About Me

Ithaca, New York
MWF, now officially 42, loves long walks on the beach and laughing with friends ... oh, wait. By day, I'm a mid-level university administrator reluctant to be more specific on a public forum. Nights and weekends, though, I'm a homebody with strong nerdist leanings. I'm never happier than when I'm chatting around the fire, playing board games, cooking up some pasta, and/or road-tripping with my family and friends. I studied psychology and then labor economics in school, and I work in higher education. From time to time I get smug, obsessive, or just plain boring about some combination of these topics, especially when inequality, parenting, or consumer culture are involved. You have been warned.

Friday, August 10, 2012

#70: Under the Banner of Heaven

Under the Banner of Heaven: A Story of Violent Faith
by Jon Krakauer
(New York: Doubleday, 2003)
 Summary:
"Jon Krakauer's literary reputation rests on insightful chronicles of lives conducted at the outer limits. In Under the Banner of Heaven, he shifts his focus from extremes of physical adventure to extremes of religious belief within our own borders. At the core of his book is an appalling double murder committed by a pair of Mormon Fundamentalist brothers, Ron and Dan Lafferty, who insist they received a revelation from God commanding them to kill their blameless victims. Beginning with a meticulously researched account of this crime, Krakauer constructs a multilayered, bone-chilling narrative of messianic delusion, savage violence, and unyielding faith. In the process, he uncovers a shadowy offshoot of America's fastest-growing religion, analyzes the abduction of fourteen-year-old Elizabeth Smart (and her forced 'marriage' to her polygamous kidnapper), and raises provocative questions about the nature of religious belief.

"Krakauer takes readers inside isolated communities in the American West, Canada, and Mexico, where some forty thousand Mormon Fundamentalists believe that the mainstream Mormon Church went unforgivably astray when it renounced polygamy. Defying both civil authorities and the Mormon establishment in Salt Lake City, the leaders of these outlaw sects are zealots who answer only to God. Marrying prodigiously and with virtual impunity (the leader of the largest fundamentalist church took seventy-five 'plural wives,' several of whom were wed to him when they were fourteen or fifteen and he was in his eighties), fundamendalist prophets exercise absolute control over the lives of their followers and preach that any day now this world will be swept clean in a hurricane of fire, sparing only their most obedient adherents.

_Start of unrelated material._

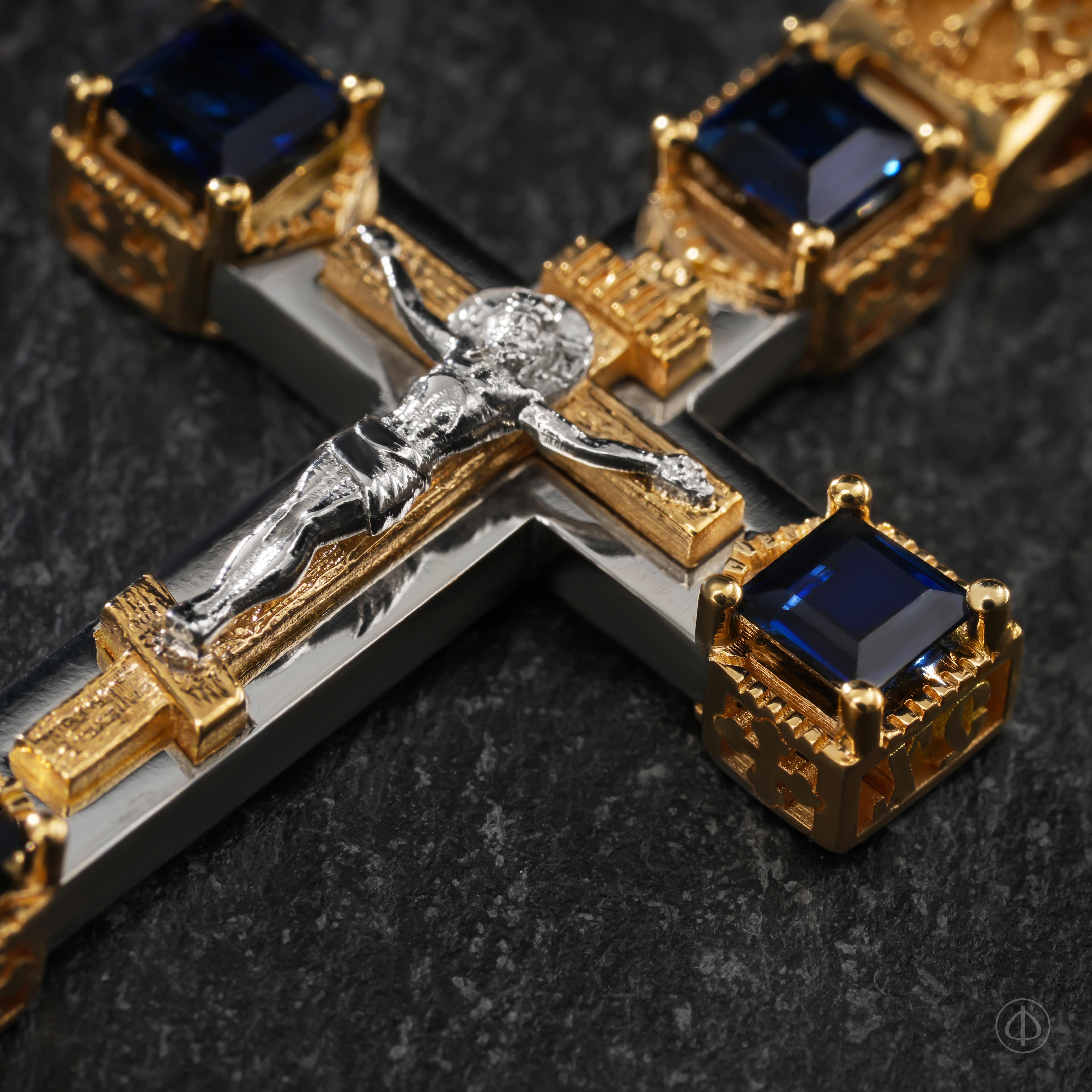 - в центре классический восьмиконечный крест с Распятием.
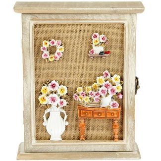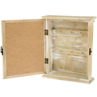 Ключница в прихожую размером 26*21*7 см изготовлена из дерева, оборудована 6 крючками для ключей и петлями для настенного размещения, оснащена крючком, фиксирующим дверцу. Размеры внутреннего отсека 22*17*4 см подойдут для удобного расположения шести связок ключей.

"Weaving the story of the Lafferty brothers and their fantastical brethren with a clear-eyed look at Mormonism's violent past, Krakauer examines the underbelly of the United States' most successful homegrown faith and finds a distinctly American brand of religious extremism. The result is vintage Krakauer, an utterly compelling work of nonfiction that illuminates an otherwise confounding realm of human behavior."

Opening Line:
"Almost everyone in Utah County has heard of the Lafferty boys."


My Take:
I'll give Krakauer credit, and assume that much of what he describes was more shocking when he first published his book 9 years ago, before so many similar news and fiction accounts have been aired. That said, it's a good book and I still like his work, but would have liked him to have focused more on contemporary Mormon Fundamentalism and less on the history of Mormonism. I know his point is that the faith's violent past somehow leads to the fundamentalist horrors that bubble up now and again, but he doesn't sufficiently convince the reader how Mormonism is different in this regard from, oh, Judaism or Christianity -- both of which have plenty of violence in their own histories. Is it just because Mormonism is more hierarchical and values absolute obedience more highly? Or is there something else? A decent read, but again, the history seemed a bit too Wild West for my liking without a clear explanation of how it got us (or Mormon Fundamentalists, anyway) where we (they) are now.